The amino acid profiles of guinea pig meat were analyzed using HPLC (Chromaster, Hitachi®, Japan) with a fluorescence detector (wavelength was fixed at 254 nm) and a reversed-phase column (300 × 3.9 mm, pore size 60 Å, Novapack Ci8, 4j, Waters) according to the method described by Heinrikson and Meredith [34], using (A) Sodium acetate 25 mM −0.02% NaOH and (B) Acetonitrile as solvents. The gradient was set as follows: 0–3 min linear gradient A:B (91:9) to A:B (86:14), 3–13 min A:B (86:14), 13–30 min linear gradient A:B (86–14) to (69:31), 30–35 min A:B (69:31). Samples were previously hydrolyzed with HCl 6 N for 24 h at 100 °C, and then derivatization was performed using Diethyl ethoxymethylenemalonate. For identification and quantitation, an external standard mix of analytical-grade amino acids from Sigma Aldrich was used. The mix contained Alanine, Arginine, Aspartic Acid, Cysteine, Glutamic Acid, Glycine, Histidine, Isoleucine, Leucine, Lysine, Methionine, Phenylalanine, Proline, Serine, Threonine, Tyrosine, and Valine.

2.7. Fatty Acids

Fat from meat samples (100 g) was extracted with chloroform (100 mL), methanol (200 mL), and water (100 mL). The extract was then filtered using Whatman N°1, transferred into a separatory funnel for 3 h, and filtered with Whatman N°41 and washed with 5 g of sodium sulfate (to remove water). After extraction, 50 mg of the fat sample was treated with 2.5 mL of petroleum ether, and saponification and methylation were performed using 0.25 mL of sodium hydroxide 2N in methanol and then neutralized with 0.3 mL of hydrochloric acid 2N in methanol. The fatty acid profile was then analyzed according to AOAC 996.06 using a GC (Autosystem XL, Perkin Elmer, Waltham, MA, USA) with a flame ionization detector (FID) and a 30 m × 0.25 mm × 0.25 µm Spelcowax-10 column (Supelco, SigmaAldrich, Saint-Louis, MO, USA). Fatty acid external standards (Sigma Aldrich) were used for quantification.

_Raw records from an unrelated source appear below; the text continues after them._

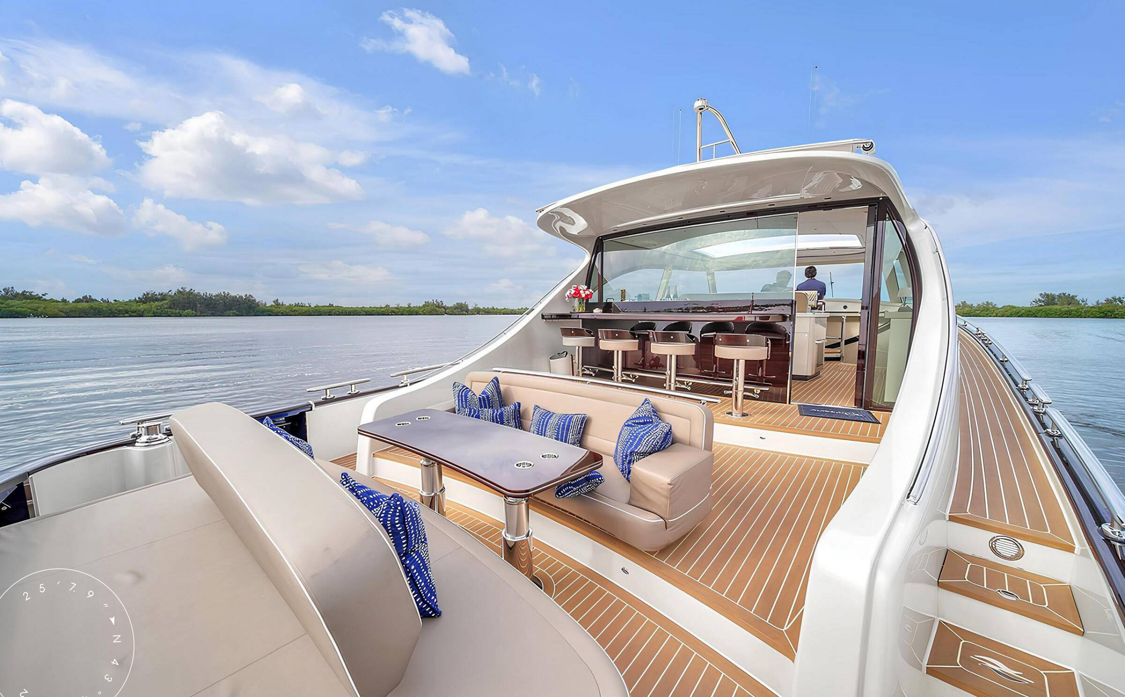
COCKPIT SEATING AREA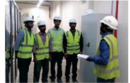
132/11kV Lusail Centre Metro S/S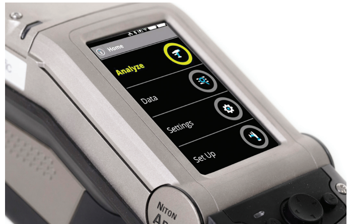
The Thermo Scientific™ Niton™ Apollo™ LIBS analyzer.

The oven temperature was set from 160 °C to 230 °C in 65 min, split mode 100:1, with a 2 µL injection volume and hydrogen as the carrier gas.

2.8. Statistical Analyses

To analyze differences between treatments, ANOVA and Kruskal–Wallis tests were performed according to the normality of the regression residuals between the variables. Normality was assessed by Kolgomorov–Smirnov and Shapiro–Wilk tests, whilst homoscedasticity was assessed by Levene’s test. Those variables that showed heteroscedasticity were analyzed using Welch’s robust test of equality of means. The post hoc analysis was performed to analyze the specific differences between treatments: In data showing normality, using the Tukey SD, and in the case of no normality, using the Mann–Whitney U tests with the correction of Benjamini and Hochberg [35]. All statistical analyses were carried out using Statgraphics Centurion 18 software and the free software R version 4.0.2.

2.9. Sustainability Aspects

The sustainability aspects in the study included the environmental impact analysis via Life Cycle Assessment (LCA) to define the environmental impact of guinea pigs’ production with and without the inclusion of insects in the feed. An attributional LCA approach was chosen, which allowed for the identification of the comparative effect of different production settings in the same “cradle-to-gate” boundaries. Considering the similarities in the nutritional properties of C. porcellus, the functional unit (FU) in the study relied on the mass and economic value for the identification of impact allocation. As a basis, the FU mass of products (1 kg) was used in the assessment. LCA was performed for the conditions of Peru, based on the inventory collected directly during the trials, and we relied on SimaPro 9.0.2 software (PRè Consultants, The Netherlands) and the impact assessment method IMPACT 2002+ (V 2.11) [36] selected for a combined midpoint–endpoint damage-oriented approach [37].

3. Results

Guinea pigs of all the three treatments (T0, T1, and T2) were slaughtered after 13 weeks and no significant difference in weight was found (in average 1.0 ± 0.1 kg). Skin, viscera, and under-skin fat were removed before analyses mainly due to the traditional consumption of guinea pigs not taking into consideration those components. The water-holding capacity, pH, and color were measured in muscles after slaughtering. The proximate composition, amino acids, and fatty acids were analyzed after homogenization of samples.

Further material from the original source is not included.